The city is one of the three most polluted in China - the other two, Linfen and Yangquan, are in Shanxi province as well - and when you tell people in China you are going to Datong, it often provokes a strange reaction. They point at the sky and say "hei yu", or "black rain". Some of Shanxi looks like the surface of the moon. A gaudy, patriotic poster promoting Communist ideals will sometimes break the grey, northern monotone, but what little colour there is tends to come from a miner's red helmet, or flashes of neon from a restaurant sign in a town where mining families live. The colliers' work clothes are grey or gunmetal blue.

China mines more coal than anywhere else, around one third of the world's total, and Shanxi is the biggest producer in China, accounting for a quarter of the country's output - around 600 million tons last year. Also, about half of the coke supply in the world market is from the province.

Coal is a matter of life and death in China, heating homes and powering the factories that produce the goods driving China's economic boom. More than half of all finished industrial goods are now made in China, and they could not have been manufactured without power from coal. The economic boom has lifted hundreds of millions of people off the poverty line, but the downside is immense. China's coal mines are also the world's deadliest, by a big margin, accounting for 80 per cent of mining deaths globally. Put it this way - every million tons of coal produced in the country costs the lives of around five Chinese people. Output is increasing by 15 per cent a year and the number of coal mining deaths is expected to rise too, despite government efforts to close the worst offending mines. Last year, 6,000 workers (* -see note) were killed by floods, fires and explosions caused by lax safety rules and inadequate safety equipment, sacrifices to the country's massive hunger for coal as the economy simmers.

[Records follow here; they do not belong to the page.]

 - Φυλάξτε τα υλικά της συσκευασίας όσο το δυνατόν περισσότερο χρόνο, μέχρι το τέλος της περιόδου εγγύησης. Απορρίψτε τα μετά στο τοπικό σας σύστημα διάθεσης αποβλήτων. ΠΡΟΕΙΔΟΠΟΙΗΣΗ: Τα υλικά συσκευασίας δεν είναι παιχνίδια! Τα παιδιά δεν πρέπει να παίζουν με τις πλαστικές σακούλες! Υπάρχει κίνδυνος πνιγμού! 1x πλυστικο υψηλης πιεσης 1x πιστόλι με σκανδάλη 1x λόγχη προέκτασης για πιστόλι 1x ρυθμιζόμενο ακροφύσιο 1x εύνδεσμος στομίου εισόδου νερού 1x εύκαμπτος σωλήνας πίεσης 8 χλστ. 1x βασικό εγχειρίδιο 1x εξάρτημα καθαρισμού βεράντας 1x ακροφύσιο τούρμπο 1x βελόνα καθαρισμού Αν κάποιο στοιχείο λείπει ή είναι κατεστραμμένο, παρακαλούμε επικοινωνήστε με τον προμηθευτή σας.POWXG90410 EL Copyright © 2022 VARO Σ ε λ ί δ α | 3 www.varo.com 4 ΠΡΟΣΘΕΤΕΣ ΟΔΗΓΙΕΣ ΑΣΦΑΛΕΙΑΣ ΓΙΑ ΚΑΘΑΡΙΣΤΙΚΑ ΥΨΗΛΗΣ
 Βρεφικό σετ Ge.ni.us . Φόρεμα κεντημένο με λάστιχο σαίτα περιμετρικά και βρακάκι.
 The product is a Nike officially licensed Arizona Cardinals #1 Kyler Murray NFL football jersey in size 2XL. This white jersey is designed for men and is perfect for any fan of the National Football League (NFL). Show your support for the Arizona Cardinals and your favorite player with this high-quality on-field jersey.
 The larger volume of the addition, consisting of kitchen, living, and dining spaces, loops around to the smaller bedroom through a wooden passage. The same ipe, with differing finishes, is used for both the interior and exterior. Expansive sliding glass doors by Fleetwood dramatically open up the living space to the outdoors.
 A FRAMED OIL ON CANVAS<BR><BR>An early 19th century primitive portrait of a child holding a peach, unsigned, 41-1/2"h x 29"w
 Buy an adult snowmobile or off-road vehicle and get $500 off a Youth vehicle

In February last year, an explosion ripped through a colliery in Liaoning province killing 214 workers in what was China's deadliest mine disaster since 1949. Just a fortnight ago, 53 miners were killed in an explosion in the Linjiazhuang colliery of Lingshi county, near Jinzhong City.

Safety standards are regularly ignored in the interest of ramping up production; a Chinese miner is 100 times more likely to die in a workplace accident than his American counterpart. China's economic boom has mostly benefited the cities of the eastern seaboard and the southern provinces, and left many rural areas still struggling.

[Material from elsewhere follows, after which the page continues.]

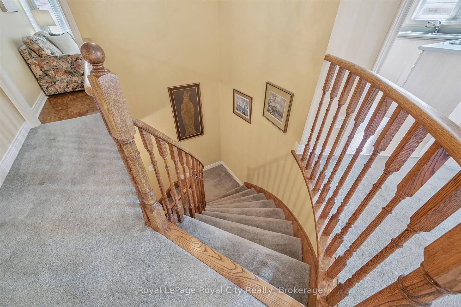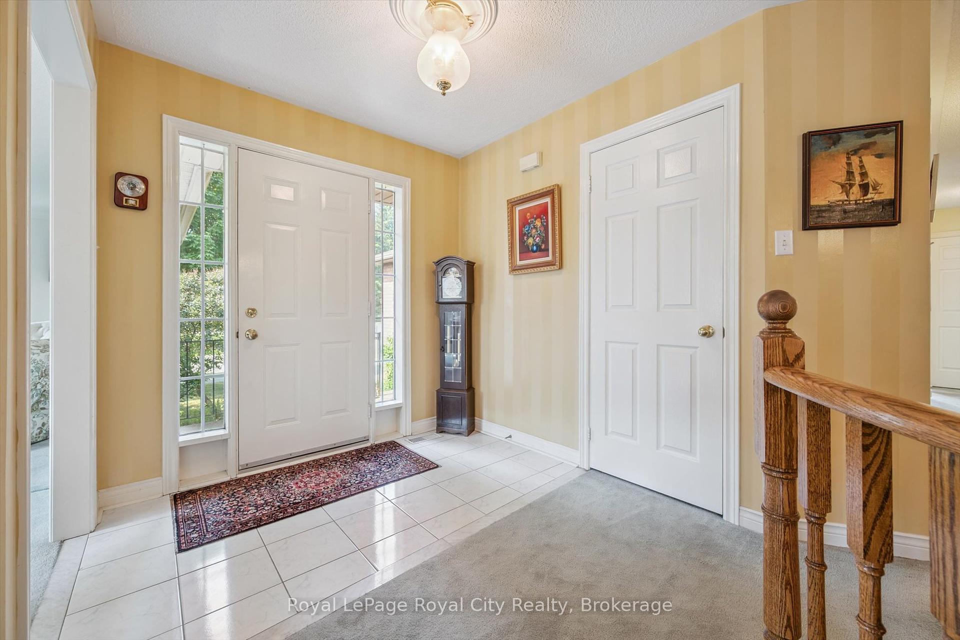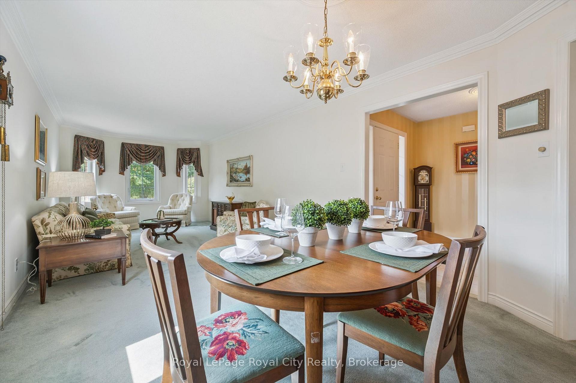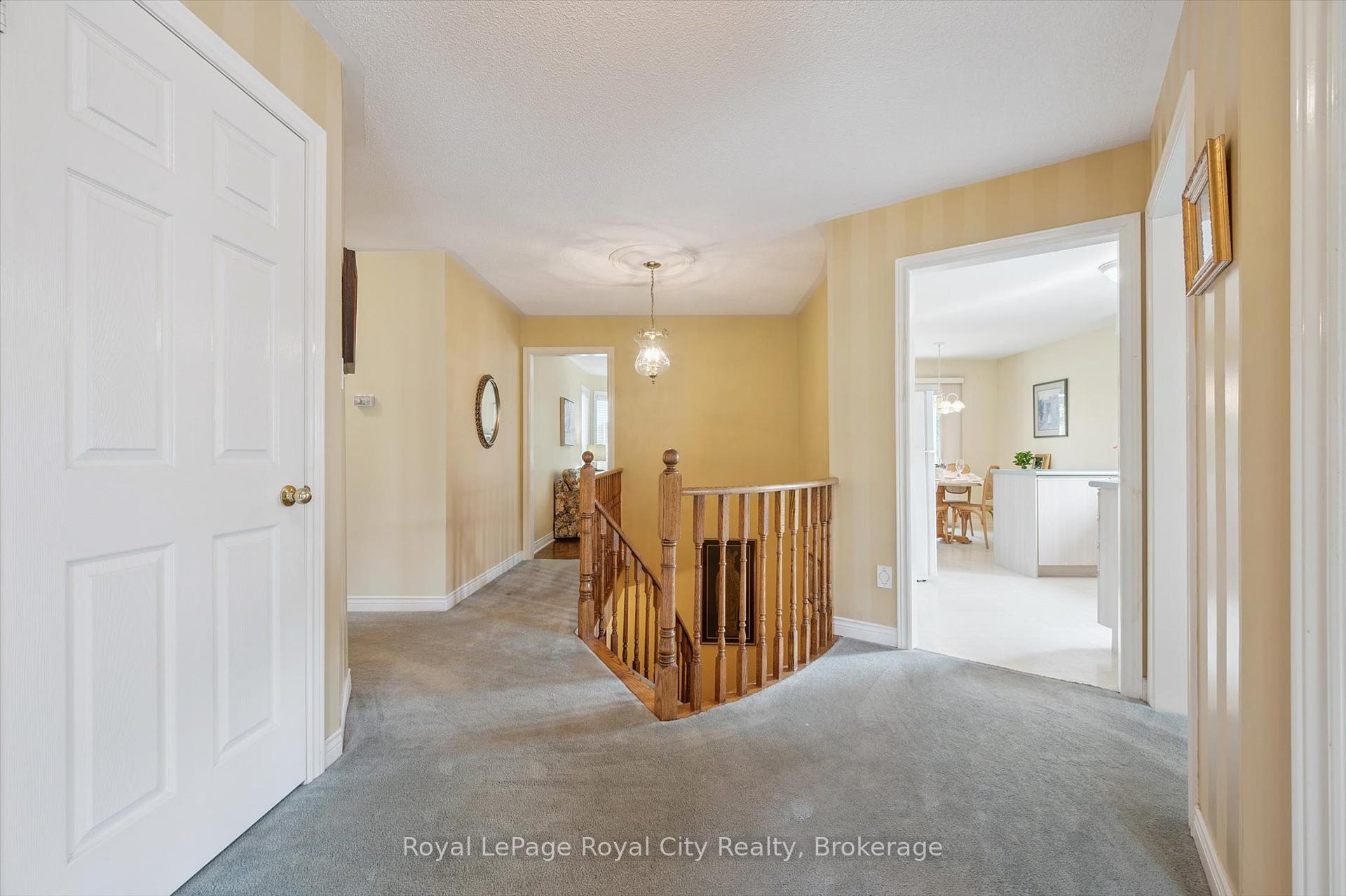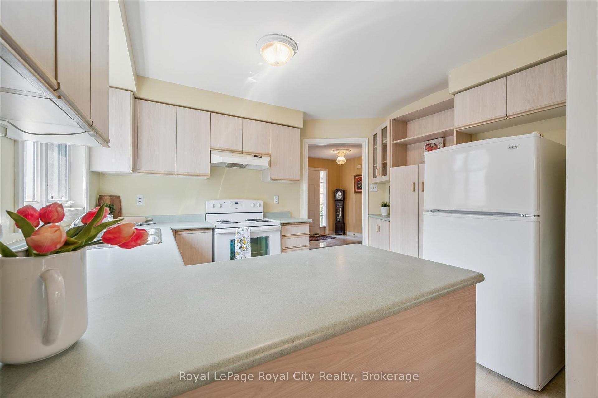 Bring your decorating flair and make this bright, spacious home your own. With an abundance of natural light, this home offers a grand Foyer entrance, featuring an open circular staircase down to the lower level, an elegant Living Room combined with a formal Dining Room area, a cheerful Kitchen with functional layout, a Breakfast Nook and walkout onto the backyard deck. Along side the eat-in Kitchen and looking out into the backyard is the relaxed Family Room space, with gas fireplace. Down the wide hallway, and through the double doors you will find the Primary Bedroom with 3 piece Ensuite, two more bedrooms complemented by a main-floor bathroom complete this level. The lower level is fully studded and insulated but left unspoiled for your future plans. The double attached garage with direct lower level access adds convenience and functionality. Imagine the posibilities, book your visit this beautiful Elora bungalow today.

Most of the miners are farmers who are on the wrong side of the growing rural-urban wealth divide. Increasingly desperate, they head for provinces such as Shanxi and take work down the pits of small, dangerous, mostly private coal mines. Last year, 468 Shanxi miners died in accidents out of a nationwide casualty toll of 5,986.

The private collieries are where most of the accidents take place. Operators ignore safety standards to maximise output, and squeeze as much coal as they can out of the ground. Illegal mines, when shut down, routinely reopen once inspectors leave, lured by buoyant coal prices. Many of the deaths at the illegal coal mines go unreported. Operators try to get rid of bodies of dead miners to cover up accidents. Others threaten to withhold compensation, usually around £2,000, unless family members of the dead agree not to publicise the accidents.

As one unscrupulous mine owner comments in Li Yang's powerful 2003 film about the Shanxi mining industry, Blind Shaft: "There's a shortage of everything except people in China."

The side-effects are numerous. Over-mining has hollowed out one-seventh of land in Shanxi and many people live in constant fear that the earth under their feet may suddenly subside, swallowing them and their houses, burying them alive. Most villagers in Xindao, in the suburbs of the provincial capital Taiyuan, have abandoned their ramshackle houses as the village has sunk by at least three metres over the past few years.

Shanxi is a province of extremes and it's hard to imagine that Datong is in the same region as the magnificent 600-year-old walled city of Pingyao, the revered Buddhist temples in the Wutai mountains, and the grand compounds, owned by rich Shanxi bankers and landowners before the Communists swept to power in 1949.

Tourists come in their droves. A mere 16 kilometres from Datong lie the 1,500-year-old Cloud Ridge Caves, a spectacular complex of Buddhist sculptures carved into sandstone grottoes. Pollution is slowly but surely eating away the faces and features of the statues.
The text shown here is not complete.